Поднявшись со своего места, Яков прошел в сопровождении Амангельды вдоль арыка в ту сторону, откуда доносился шум падающей воды. Только теперь он увидел, что арык проходит по искусственной насыпи, заросшей травой и кустарником, укрепленной корнями склонившихся над водой деревьев. За домом Амангельды насыпь круто обрывалась подобием цементированного шлюза с деревянными заслонками. Здесь воду можно было пустить либо по боковому руслу, откуда она уходила частью в ручей, частью в мелкие арыки и канавки, покрывавшие густой сетью молодой сад, либо по бетонированному лотку на лопасти мельничного колеса. Водяная мельница там, где каждая капля воды на вес золота! Было чему удивиться!

— Ёшка стоит и думает: ай, какой богатый мельник Амангельды. Надо его раскулачить, — с усмешкой заметил следопыт. — Только мельница еще при отце стала общей. Увидели все — сделал мельницу Аман Дурды, помогать стали. Арык общим стал, и мельница общая. Кому надо, тот и мелет зерно.

Они оба спустились с насыпи и, перешагивая через мелкие ручейки, обошли вокруг сада. Амангельды наклонился к земле, внимательно всматриваясь в след чарыка, ясно отпечатавшегося на тропинке.

— Ай, Ёшка, смотри, какой-то человек ходил. Зачем к Амангельды в гости не зашел?

Яков начал было внимательно рассматривать отпечаток следа, но быстро понял: подтрунивает над ним следопыт, испытать хочет.

— Сейчас я скажу, какой человек, — пообещал он, снова всматриваясь в след. — Ростом выше среднего, худой, глаза черные, по горам бегает, как джейран, хитрый как лиса. Сам молодой, а балайчиков много — пять штук.

— Ай, молодец, Ёшка, все правильно сказал, — смеясь отозвался Амангельды. — Одно неправильно: пять балайчиков — мало. У отца семь было.

Яков почувствовал удовлетворение, что все-таки не попался на удочку следопыта.
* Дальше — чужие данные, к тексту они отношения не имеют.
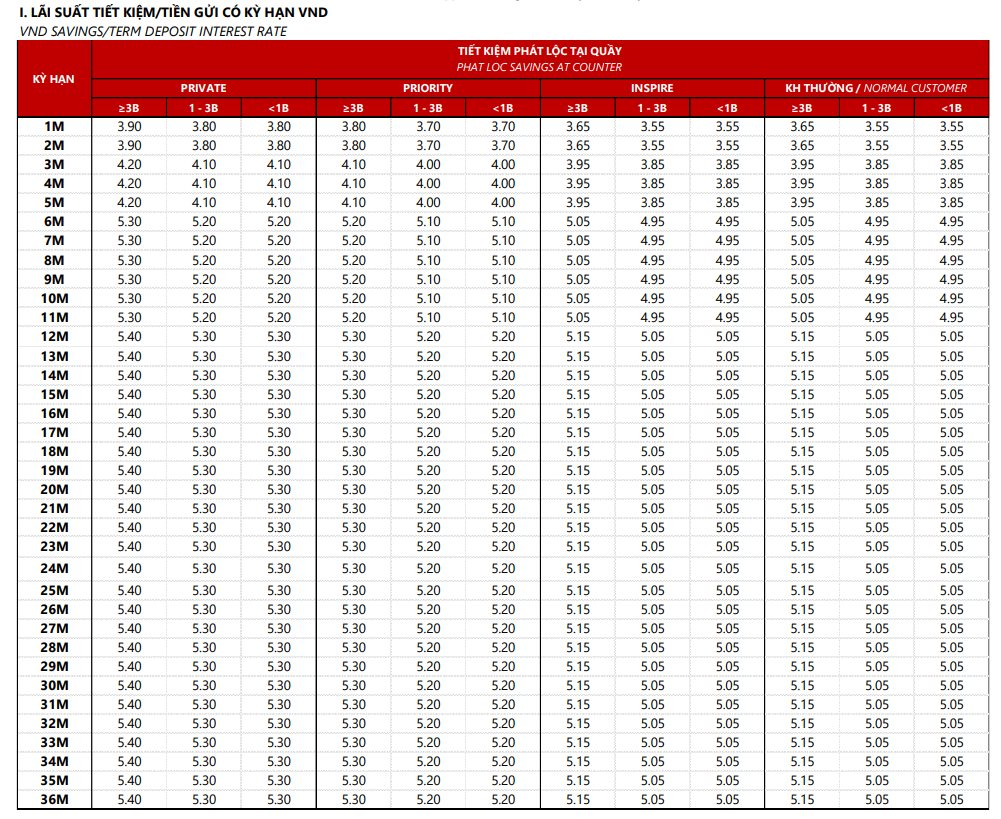 Đối với kỳ hạn dài (12 - 36 tháng), lãi suất cao nhất giảm từ 5,8%/năm xuống 5,4%/năm (áp dụng cho khách hàng Private).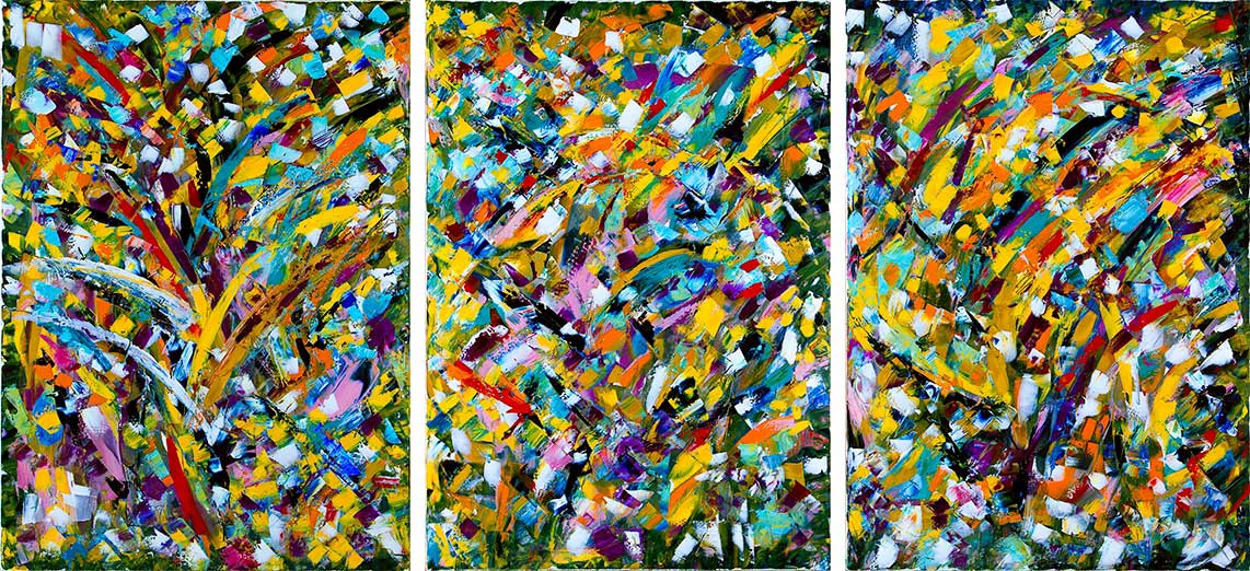Come ha scritto Marina Ferrario “ la scomposizione del segno consente all’artista di andare oltre la rappresentazione figurativa, il linguaggio cromatico rivela così il significato tacito del segno, il gesto si fa autentico scoprendo il movimento e la dinamica del colore”.

— Ты, Ёшка, говоришь, давай учи след читать, — снова став серьезным, развел руками Амангельды. — Как учить? След увидел — смотри, куда ведет. С горы идет — каблуком пашет, на гору — носками упирается. Глаза закрыл: в голове сразу Душак, Мер-Ков, все тропки, все карнизы. Куда пойдет? На Душаке один узкий карниз, смотришь — нет. Бежишь узкий щель, сухой арык, там смотришь — тоже нет. Идешь мягкий склон, где осыпь. Ага! Есть! Значит, родник Шадн-Чишме ходил нарушитель, воду пил. Куда пойдет? Никуда не пойдет. Ночью пойдет...

Из объяснений Амангельды Яков понял: чтобы уметь читать следы, надо уметь правильно рассуждать так, как учил Карачун, думать за противника, за нарушителя. Для этого требуется очень хорошо запоминать характер следа и так же хорошо знать местность. Если даже след потерян, его нетрудно обнаружить в другом месте, когда знаешь, куда может выйти нарушитель. Нет следа на узком карнизе, смотришь на склоне с мягкой осыпью, потом — снова бросок вперед. Для проверки прорезаешь направление на более узком участке. Тогда уж становится ясно, где еще искать нарушителя. Пограничники так и делают.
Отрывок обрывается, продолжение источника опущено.